Ergonomic Articles

6 Steps to relieve neck pain and manage tension headaches

By Pippa Bowden | Added 2015-06-24

Poor ergonomics and a bad working posture are the two main causes of neck pain and tension headaches. Painful knots that develop from poor workstation setup can result in severe muscle strain in the shoulders, upper back, head and neck. Your face and neck have over 20 muscles and they can be negatively affected by poor posture in the following ways:


  • Doing a lot of paperwork and positioning your computer screen too low causes you to bend forward for prolonged periods of time. This bending makes it much more likely that the discs in your neck will experience bulging. This bulging is responsible for pressure-causing nerve irritation which results in all sorts of pain and uncomfortable symptoms. Such as: hand or arm numbness, pins and needles in the arms and hands and/or neck pain.
  • When straining to view your screen, you also strain your eye muscles. This is because they are then working harder than they should to view it. The result in fatigue and strain of these muscles.
  • Work stress can often make you clench your jaw and your teeth without realising it. These two stress-induced actions cause the muscles in the face to tense up and result in pain, discomfort and headaches.
  • If your monitor is not placed correctly and is set too high, you may find yourself looking upwards for extended periods. This causes the facet joints (where your neck vertebra overlap) to become inflamed and irritated. This can cause great discomfort and sharp neck pain when you turn your head.


All of these injuries listed above are more likely to affect you if you have had an earlier strain and problems such as injuries from surgery, whiplash or having a fall.
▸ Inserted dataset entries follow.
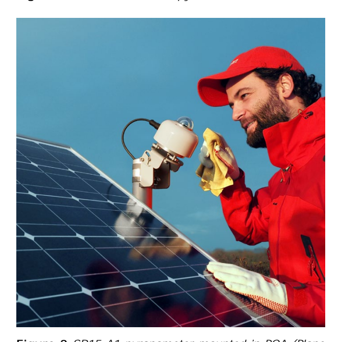
Figure 2 SR15-A1 pyranometer mounted in POA (Plane Of Array) on a mast for PV performance monitoring
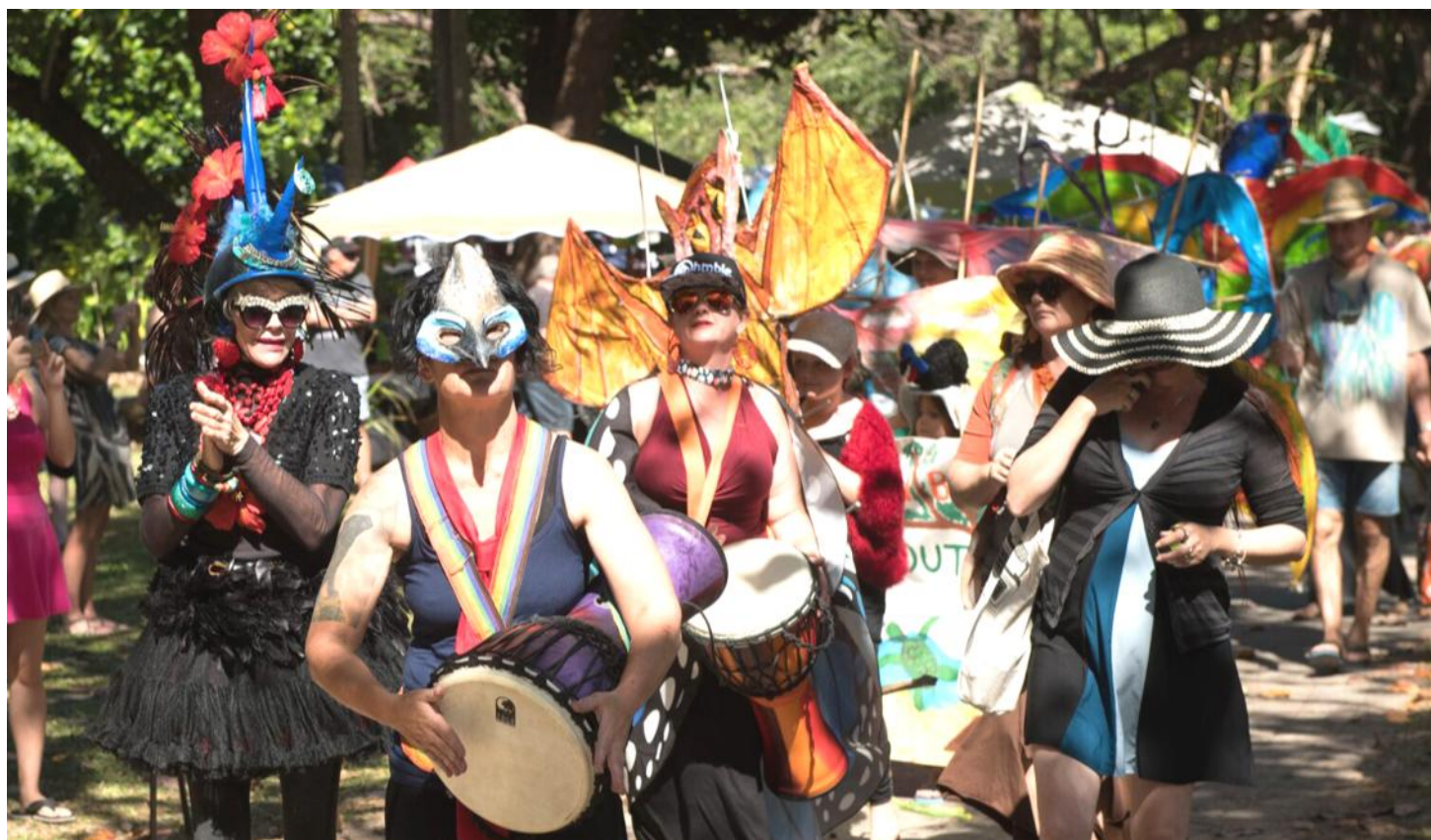
The spectacular Drumming of Cassowaries Grand Parade
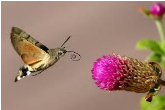
Hawk Moth ( Macroglossum stellatarum )
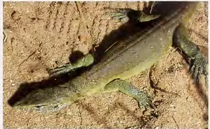
Fig. 21. Varanus niloticus , subadult, unusually light-coloured specimen from Pendjari NP.

Gongylophis muelleri – Trape & Mané (2006 b): on grid map but without specific locality.
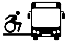
Transit for People with Disabilities and Senior Citizens
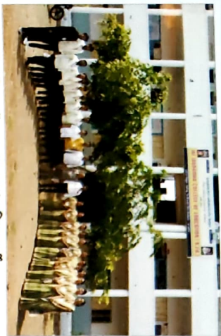
बी.एड. बॅच (२०२३-२४) प्रशिक्षणार्थी
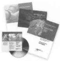
FM 4991 contractors are listed in FM directories, and at www.fcia.org .

These inspection standards incorporate the following important points as part of the inspection protocol:

This is because such accidents leave behind scarred tissue, which is far more fragile and rigid. But don’t panic! These six steps will help you manage tension and prevent pain:


Step one:

Try to keep your spine in the ‘neutral spine position’ as discussed in our earlier what is ergonomics article. And when you need to correct your posture, do so by starting at the bottom of your spine and moving slowly up.


Step Two:

Set up your workstation optimally as discussed in our workstation setup article, so that your monitor, desk, mouse, keyboard, paperwork and chair are all correctly placed. This will maximize comfort and minimize strain.


Step Three:

Do the stretches and exercises as set out on your exercise sheet. This will help promote and keep your neck and shoulders flexible and strong.


Step Four:

For better neck and shoulder pain relief, do your stretches when your muscles are relaxed and warm. You can warm them by having a bath or using a heating pad. Alternatively, do them in the shower!


Step five:

Use movement and exercise to relieve stress. Whether it is by taking regular walks, joining the gym or signing up for yoga classes, doing activities will help fight tension.


Step Six:

See a physiotherapist or a doctor and get properly checked out if the pain and discomfort continues.